Verso il grande cantiere – Alla presentazione delle gare d’appalto hanno partecipato 400 operatori italiani e stranieri, Torino scommette sugli ospedali anche per attrarre aziende, istituzioni scientifiche e finanziarie

1227

Procede spedito il progetto del nuovo Parco della Salute, che promette di cambiare il volto alla sanità di Torino e del Piemonte. Tre gli obiettivi: rinnovare i vecchi ospedali della Città, ospitati in edifici datati (Molinette, 1935) e con altissimi costi di gestione; puntare sull’eccellenza medica e sulla ricerca avanzata, per dare risposte alle nuove domande di cura; investire sulla didattica, cioè sulle giovani generazioni, per creare in prospettiva nuovi posti di lavoro. Sotto questa luce il Parco della Salute non è solo uno dei principali interventi di trasformazione urbana sotto la Mole, ma anche di uno degli investimenti più interessanti dei prossimi anni.

Si spiega così il tutto esaurito alla convention organizzata dalla Regione, giovedì 18 ottobre al Centro congressi del Lingotto, per illustrare il progetto ai privati. Da un lato, il fronte istituzionale compatto, con il presidente Chiamparino e il sindaco Appendino impegnati a fare squadra: hanno rassicurato su tempi, fondi statali, gare, variante urbanistica. Dall’altro, i player italiani e stranieri, che hanno risposto all’invito: 400 tra investitori della finanza e delle banche internazionali, studi di ingegneria e di architettura, General contractor, operatori del settore medicale e dell’impiantistica. Segno che il nuovo polo ospedaliero è ritenuto molto attrattivo, anche Oltralpe.

Il Parco, che sorgerà nell’area ex Avio del Lingotto, non è solo un ospedale, ma un centro di cura d’avanguardia, con poli di ricerca scientifica, formazione e didattica. «A Torino abbiamo tante eccellenze», ha spiegato l’assessore alla Sanità Antonio Saitta, «come la chirurgia dei trapianti, l’oncologia e la cardiochirurgia, ma le attuali strutture ospedaliere sono ormai obsolete. Per migliorare la qualità dei servizi dobbiamo diminuire l’età media dei presìdi. Oggi il nostro sistema sanitario è solido, vale 8,5 miliardi di euro l’anno, conta 54 mila dipendenti e può guardare al futuro con fiducia: investire in ricerca è fondamentale per vincere la concorrenza, ma è anche un fattore di successo per lo sviluppo economico della regione. Il Parco della Salute di Torino punta sull’eccellenza medica e sulla ricerca scientifica per proporsi come punto di riferimento in Italia e in Europa».

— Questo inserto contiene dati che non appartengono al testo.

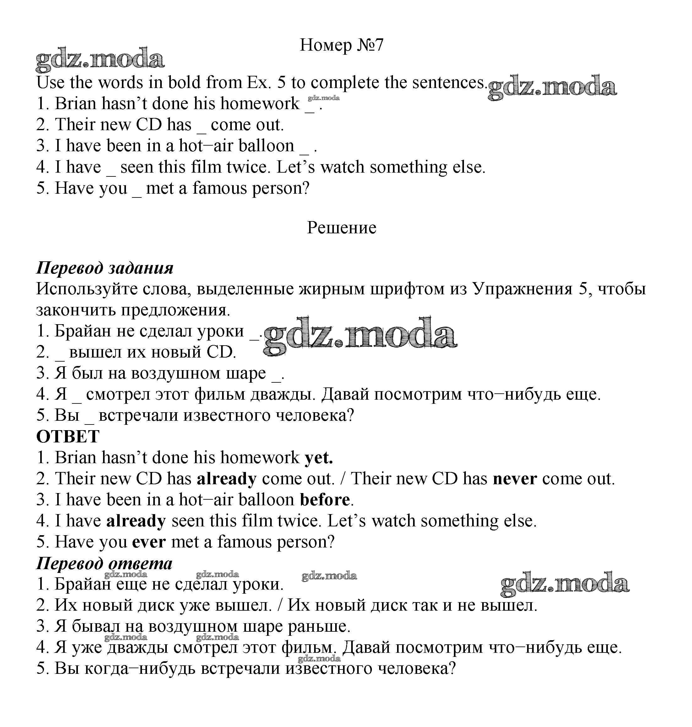 ОТВЕТ на задание № 7 Учебник по Английскому языку 7 класс Ваулина Spotlight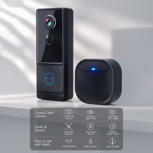 【Long-lasting Battery Life】: With its built-in 2*lithium battery 5200mAh batteries, this video doorbell can provide long-lasting power for continuous operation. You don't have to worry about frequent battery replacements, ensuring a reliable and uninterrupted monitoring experience.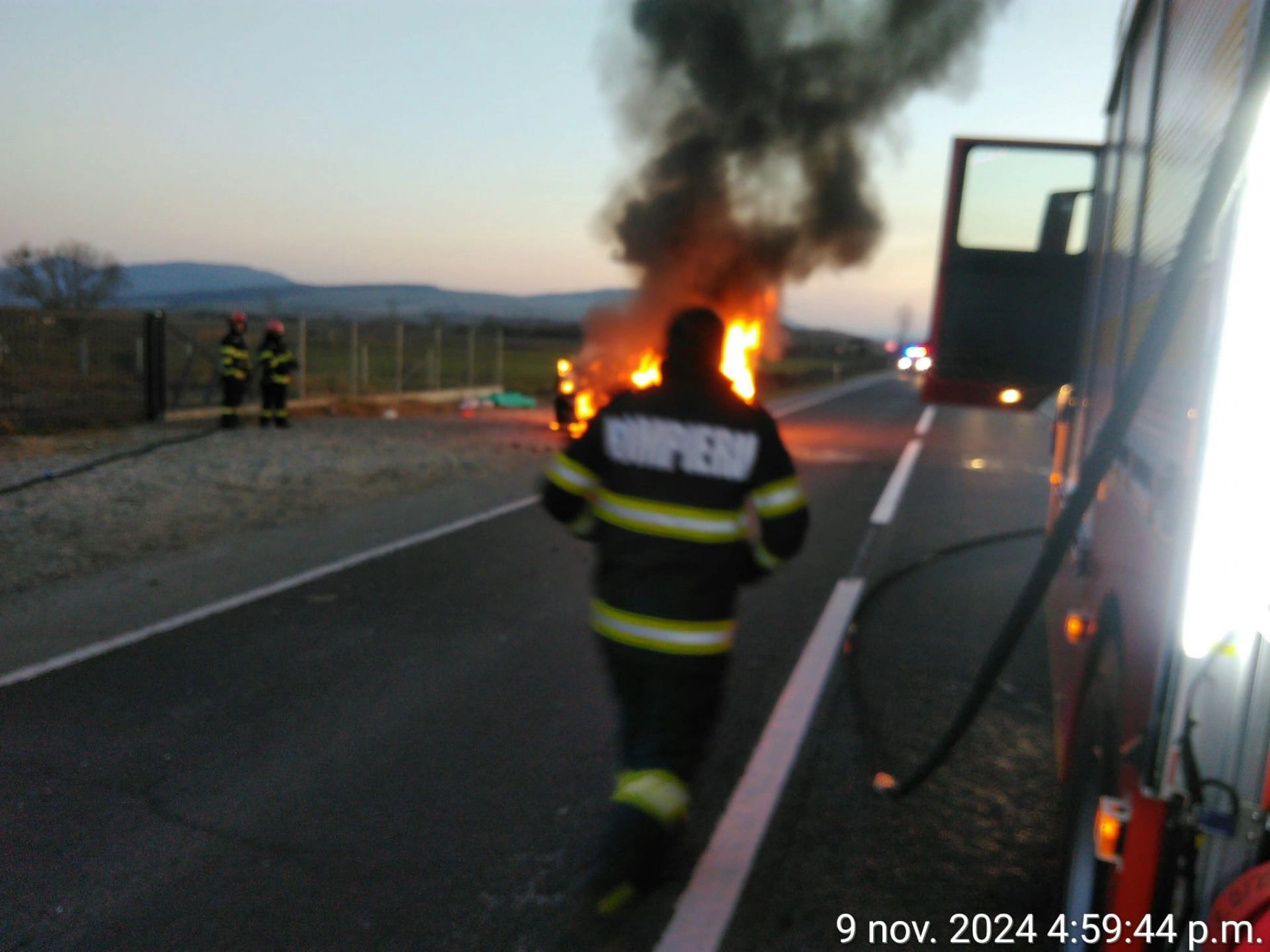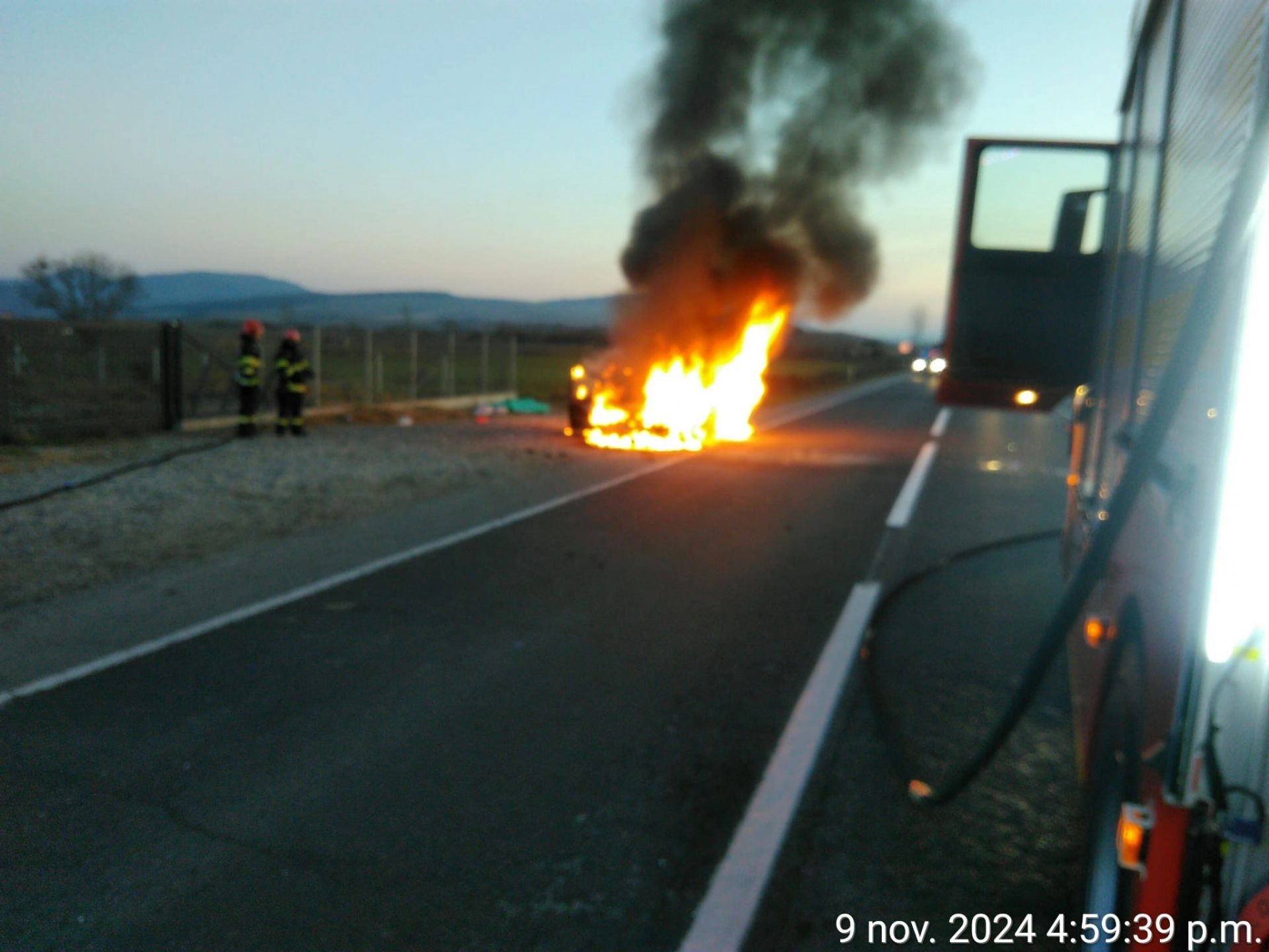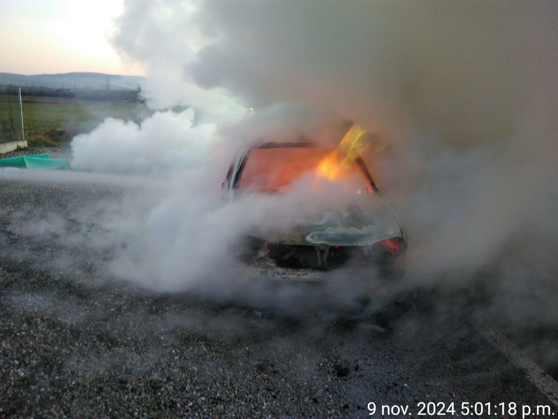 O mașină a luat foc și a ars ca o torță (FOTO)

Un’occasione da non perdere per ridurre il gap con gli altri paesi anche secondo il rettore dell’Università Gianmaria Ajani: «Grazie al nuovo Polo sanitario possiamo e dobbiamo potenziare i rapporti con gli hub clinico-assistenziali d’Oltralpe, da Grenoble a Lione». Il Piemonte è la prima regione italiana per investimenti privati in ricerca e la terza per progetti di alta tecnologia, con sette poli di innovazione (dal biomedico alla chimica verde, dall’information technology al tessile). Insomma, il terreno è fertile per lanciare e consolidare un intervento di così grandi proporzioni, guardato non a caso con molta attenzione dai privati, interessati ad investire sul nuovo asset (e non solo in edilizia).

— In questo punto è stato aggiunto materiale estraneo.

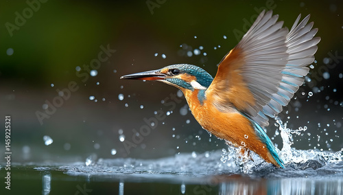 A vibrant kingfisher taking flight above the water, showcasing its stunning plumage and dynamic movement as it splashes through the surface.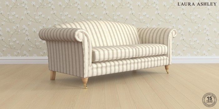 6.12.1 Buy Gloucester by Laura Ashley 3 Seater Sofa Kinsham Stripe Natural Low Brass Castor - Light Oak from the Next UK online shop Click here to use our accessible website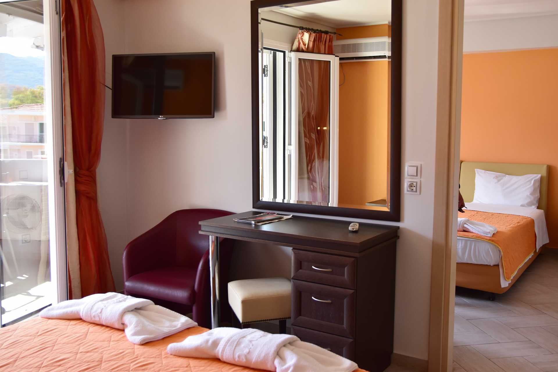 Perhehuone parvekkeella. Perhehuoneessa on kaksi makuuhuonetta. Toisessa makuuhuoneessa on parisänky ja toisessa kaksi erillistä sänkyä. Joissakin perhehuoneissa on pieni minikeittiö. Joissakin huoneissa on vedenkeitin. Jääkaappi pakastinlokerolla. Maksuton wifi. Ilmastointi ja tallelokero lisämaksusta. Tv paikallisilla kanavilla. Suihku ja wc. Siivous 6 krt/viikko.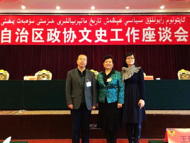 ???????? ?2014年3月11日,自治区政协文史工作座谈会在乌鲁木齐昆仑宾馆召开?;嵋橛勺灾吻泵厥槌ぐ⒉嫉?玛坚主持,会议的主要议程是:传达学习全国文史工作会议精神;讨论《自治区十一届政协文史工作规划》;交流工作经验。区委会专职副主委、自治区政协文史委员会委员尤江斌,区委会宣传部部长曹笑艳参加了会议。

Ma come sarà il nuovo Parco della Salute? Il complesso di via Nizza, 1.040 posti letto, ospiterà le attività e le strutture presenti nei quattro ospedali dell’attuale Città della Salute: Molinette, Sant’Anna, Regina Margherita e Cto (quest’ultimo resterà comunque in funzione come presidio ospedaliero di media complessità, con Dea di primo livello, l’Unità Spinale Unipolare e 450-500 posti letto). Si tratta di un unico Parco, su 127 mila metri quadri, con quattro poli interconnessi: sanità e formazione (27mila metri quadri), didattica (31mila metri quadri), ricerca (10mila metri quadri) e residenzialità (8mila metri quadri). Oltre a un Polo dell’Incubatore, che prevede 10 mila metri quadri del Centro di biotecnologie molecolari e 7 mila dell’Istituto di Medicina traslazionale. Costo dell’opera 422 mila euro, coperti per il 70 per cento da fondi privati. A questi bisogna aggiungere 18,5 milioni per le bonifiche e 113 milioni per tecnologie e arredi.

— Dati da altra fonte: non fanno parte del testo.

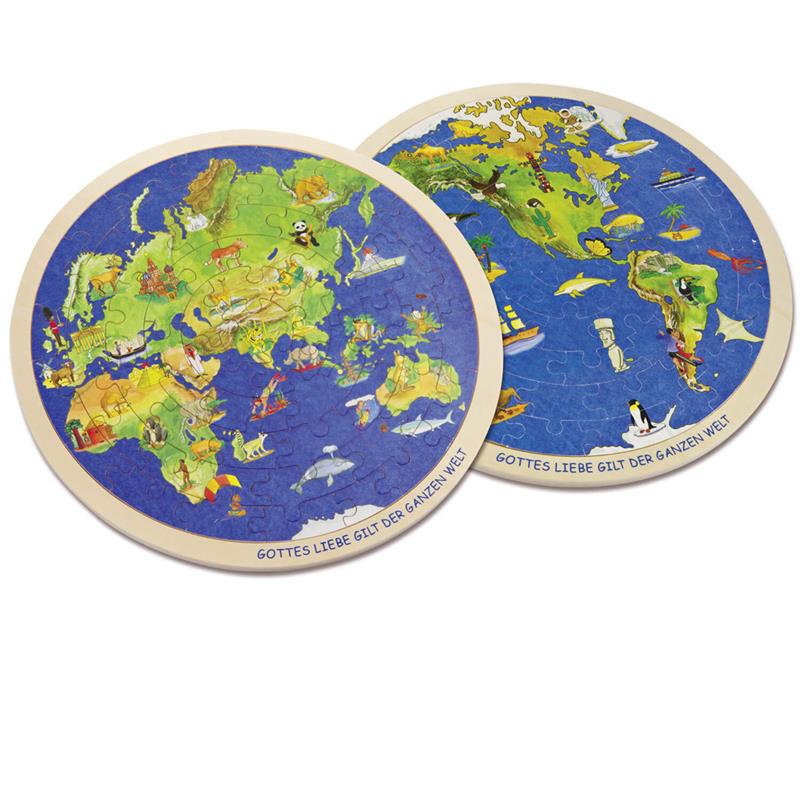 Rundes Puzzle aus Holz; die Puzzleteile sind beidseitig bedruckt, damit alle Kontinente gepuzzelt werden können, 57 Teile, ø 30 cm, ab 4 Jahren,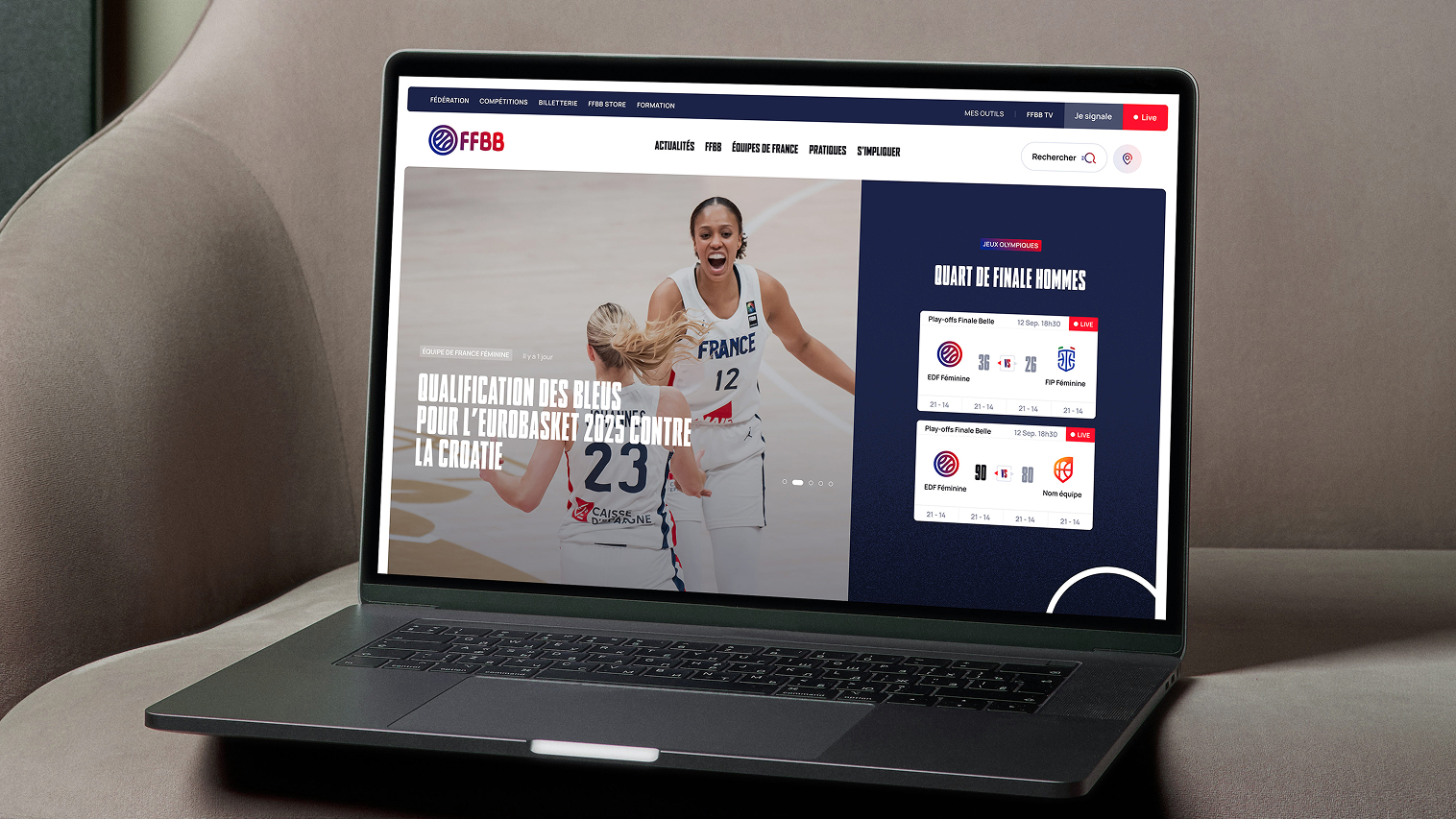 Nouveau site et portail internet : architecture claire, contenus riches, mise en avant des équipes, compétitions et opportunités d’engagement

«Il Parco della Salute, della Ricerca e dell’Innovazione è un unicum nel panorama italiano e regionale, e si propone come modello operativo per la cura del futuro», ha detto Gian Paolo Zanetta, coordinatore della cabina di regia del Parco. Rassicurazioni arrivano anche su posti letto e continuità assistenziale: la scelta di costruire il Parco come sede dell’alta complessità permetterà di liberare risorse per «riorganizzare la rete territoriale del post-acuzie», uno dei grandi problemi della sanità a livello internazionale. «Rappresenta una svolta epocale per Torino e per il Piemonte», ha fatto eco Silvio Falco, direttore generale della Citta della Salute, «l’auspicio è che sia solo l’inizio per la nostra città, che ha bisogno di ospedali nuovi, sicuri ed efficienti».

Innovativa per l’Italia è di sicuro la procedura scelta per cofinanziare l’opera: il contratto di partenariato pubblico-privato, uno strumento previsto dal nuovo Codice per gli appalti, molto conosciuto in Europa, che utilizza la forma del «dialogo competitivo» per arrivare al progetto migliore tra quelli in gara. La novità consiste nella prima fase del procedimento, quando la stazione appaltante avvia una negoziazione con i soggetti privati per aprire un confronto su tutti gli elementi di progettazione, gestione economico-finanziaria, struttura del contratto e allocazione dei rischi. Solo dopo l’approfondimento tecnico si arriverà a una proposta progettuale. Una scelta fatta non solo per motivi economici, ha precisato Saitta di fronte ai potenziali investitori riuniti al Lingotto: «I privati possono aggiungere know-how e competenze che non sempre si trovano nella pubblica amministrazione».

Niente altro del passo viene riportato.